My personal opinion, based on twenty five years of experience, is that the traditional methods many people are using could be a recipe for disaster. The classic pie chart asset allocation models, using Modern Portfolio Theory (the theory that was created in the 1950’s), I believe, are so outdated and potentially dangerous it causes me deep concern. It is amazing to me that there are financial advisors still using these traditional models and justifying them with mathematical models. When an advisor comes back with a report that says something like: “Mrs. Retiree, if you continue to invest and spend as we have proposed, you have a 90% chance of never running out of money.” I’m thinking, “what?” I don’t really like those odds because it seems apparent to me that when I run out of money, I’ll be in my 90’s and who is going to hire me then? That news is not attractive to me at all! Hence the birth of Lifestyle Driven Investing,™ which is an investment philosophy that allows your lifestyle to determine your investment strategy, rather than allowing your investment ups and downs define your lifestyle.
It’s pretty simple: you begin by categorizing your lifestyle expenses into four different categories ranging from the most essential to the least essential: Needs, Wants, Likes and Wishes. Obviously, Needs expenses are your non-negotiable items, like expenses for housing, utilities, food, and health care.

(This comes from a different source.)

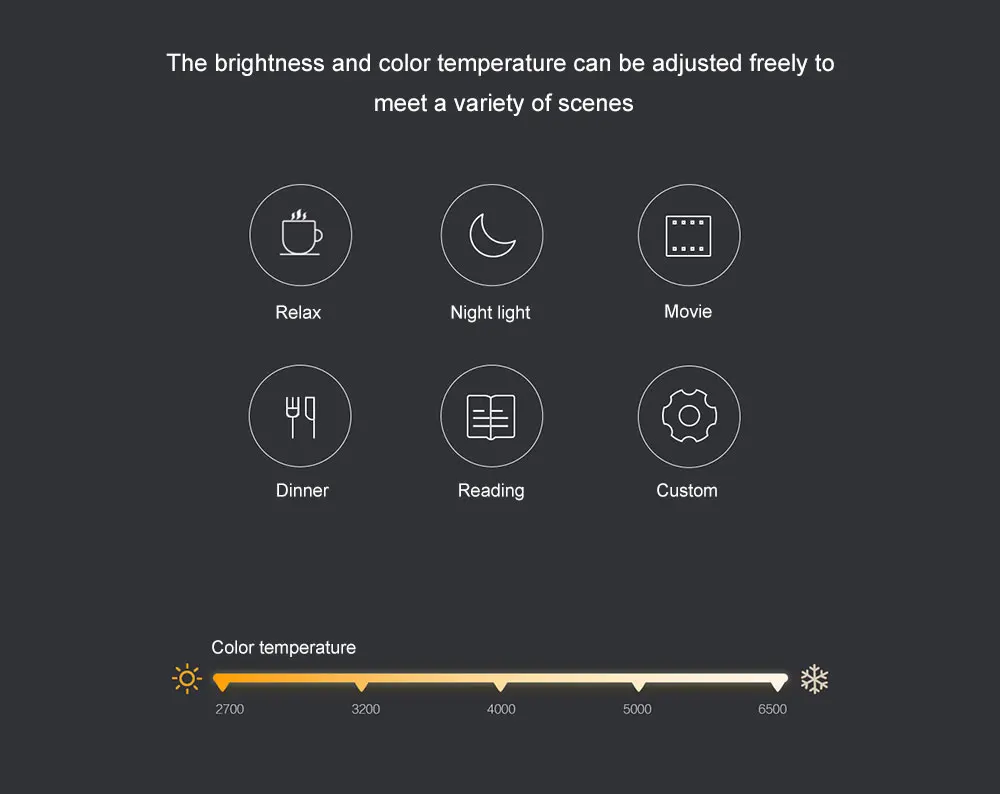 Светодиодный светильник высокого качества полностью защищен. В то же время, цветовая температура в 1700K и 6500K, 1600 миллионов цветов на выбор2. Свободно регулировать яркость цветаМожно регулировать яркость в соответствии с вашими потребностями. Пусть светильник изменится с вашими потребностями. (5300K выше освещение обеспечивает лучшую концентрацию)3. Подключение WiFiВстроенный WiFi модуль, вы можете подключиться к Wi-Fi без шлюза и умное управление через мобильный телефон4. Настройка Lauguage APPИзмените язык, установленный на вашем телефоне, на английский, а затем загрузите приложение Mijia, он также изменит язык приложения на английский5. 10 Вт 800 люменов (Примечание: старая версия 600 люменов) это новая версия10 Вт ультра-низкой мощности может обеспечить 800 люменов яркости6. Срок службы 11 летСветильник в среднем на 9000 часов снижается всего на 8%7. Поддержка: iPhone, iPad, iPod, Android 4,48. Совместимость с системой: Apple iOS, Android 4,4 или выше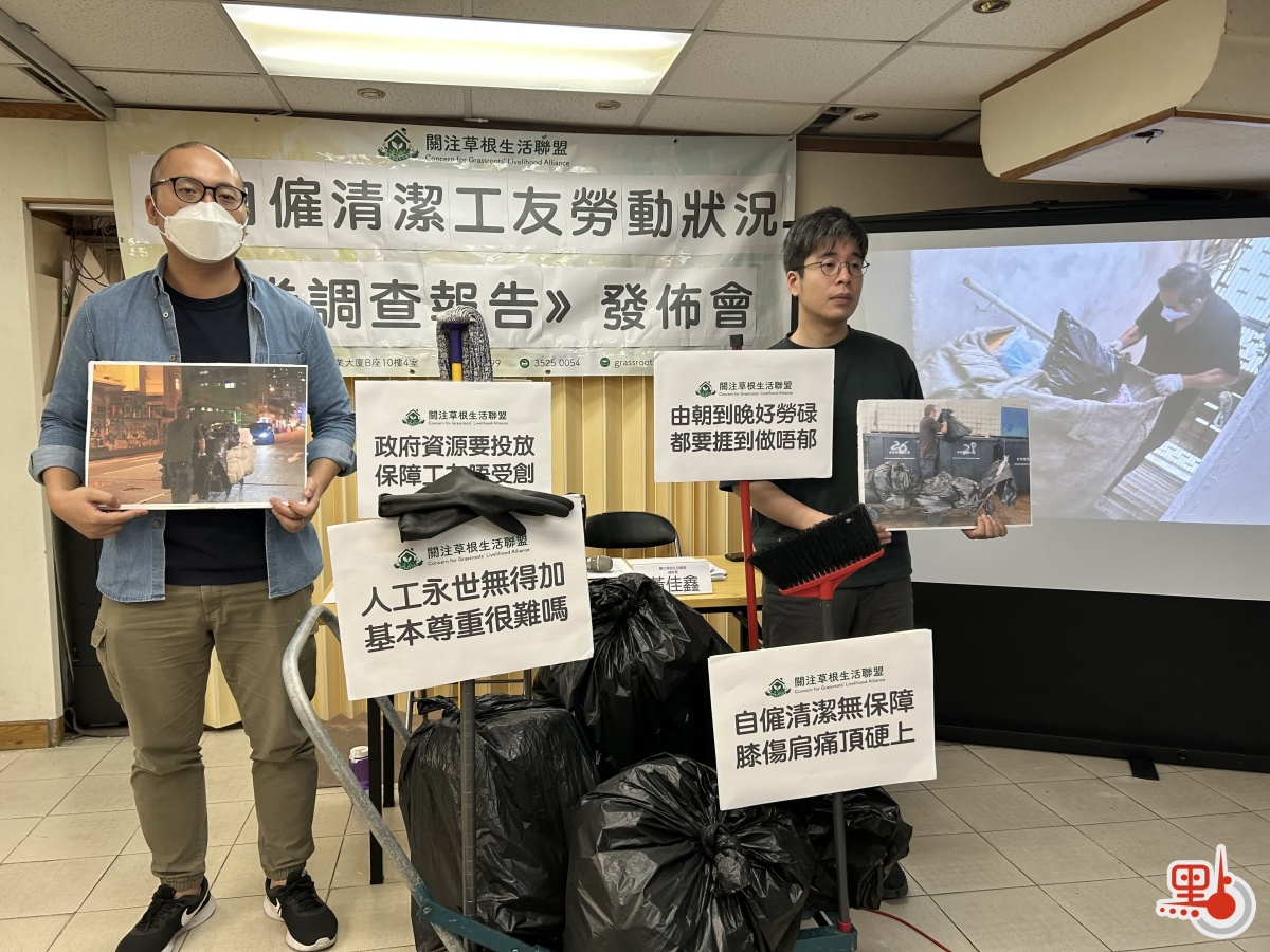 「關注草根生活聯盟」(關草聯)在2023年3至4月間訪問了30位在旺角及大角咀從事大廈清潔、倒樓和運送餐廳垃圾的自僱清潔工友,了解他們的勞動狀況及職業安全健康情況。五一勞動節將至,關草聯今天(22日)發布《自僱清潔工友勞動狀況問卷調查報告》,反映工友面對的處境及困難。

Wants are extras, like country club memberships and vacations. (hmmm….into what category would I put manicures and pedicures?)
Once you have all your expenses categorized, the next step is to fund them. You start by looking at all of your existing sources of income: social security, pensions, rental income, etc. If these sources of income are not enough to cover all of your living expenses, then the shortfall must be made up through investment income. Notice I underlined income. If there is one thing you should remember from reading this article is that your ability to enjoy your preferred lifestyle is dependent upon ONE thing: Cash Flow – regular, predictable, sustainable cash flow.
Lifestyle Driven Investing™ is a philosophy designed to help you identify appropriate investments to provide the cash flow you need for the expenses in each category. Since the Needs category contains your most essential expenses, this income is the most critical for sustaining your basic lifestyle; thus the investment criterion for this category is the most stringent. Needs should be funded with Lifestyle™ investments, which means the investment vehicle you choose to place your money in should:
• Produce an income, either now or in the future (when you need the income)
• The income these investments produce should be able to defend at least one of these words: safe or predictable or guaranteed
• Ideally, these investments should be held within some type of legal entity that provides asset protection in the event you were sued.
In a nutshell, for those critical items that are essential to your way of life, make sure the investments can pass the test above. Otherwise, you are potentially putting your retirement at risk when the next inevitable market correction happens.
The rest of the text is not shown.